L’ ULTIMO GIORNO DI
ROBESPIERRE
Giorgio Mascitelli
Da
nazioneindiana
9 luglio 2023
La caduta di Robespierre.
Ventiquattr’ore nella Parigi della Rivoluzione di Colin
Jones ( trad.it. di Alessandra Manzi, Neri Pozza, Milano, 2023, euro 38) è un saggio
storico sul 9 termidoro che riesce a coniugare un ampio apparato di rigorosa
documentazione con una piacevolezza della lettura e della narrazione storica.
Lo storico inglese imposta il suo lavoro su un’analisi estremamente puntale
condotta con la necessaria acribia di quel 27 luglio 1794 che fu nel contempo
l’ultimo giorno di vita di Robespierre e la conclusione del potere giacobino e
della fase più radicale della Rivoluzione francese.

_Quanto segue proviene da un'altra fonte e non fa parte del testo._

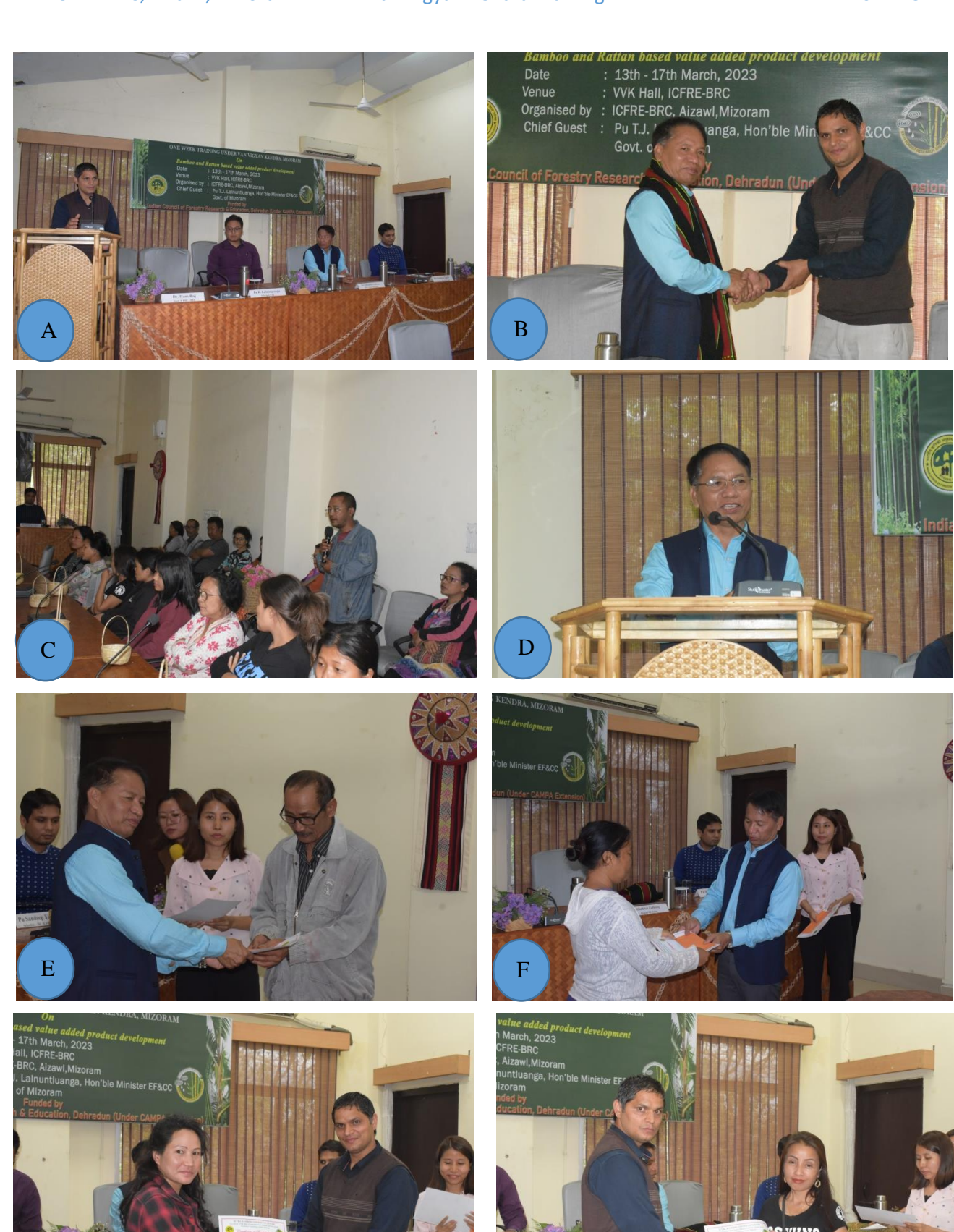
Figure 6: A-H: Felicitation of Chief Guest, Valedictory Speech by Chief Guest, and Distribution of Certificates.

Tra i meriti storiografici di questo
saggio, almeno per il lettore che non è storico di professione, va indicata in
primo luogo la dimostrazione che la caduta di Robespierre non fu frutto di un
piano accurato, di una congiura dei suoi avversari, ma di una casuale
convergenza tra i colleghi di Robespierre e Saint Just nel comitato di salute
pubblica, definitivamente intimoriti dal discorso tenuto dall’Incorruttibile la
sera prima al club dei giacobini, dunque da una parte giacobina e montagnarda
con la componente centrista e moderata della Convenzione, che trova un suo provvisorio
leader in Tallien, dovuta innanzi tutto alla paura di essere inseriti nelle
prossime liste di proscrizione e poi all’odio e allo spirito di vendetta, che
unisce deputati della Montagna e della Pianura, estremisti e moderati.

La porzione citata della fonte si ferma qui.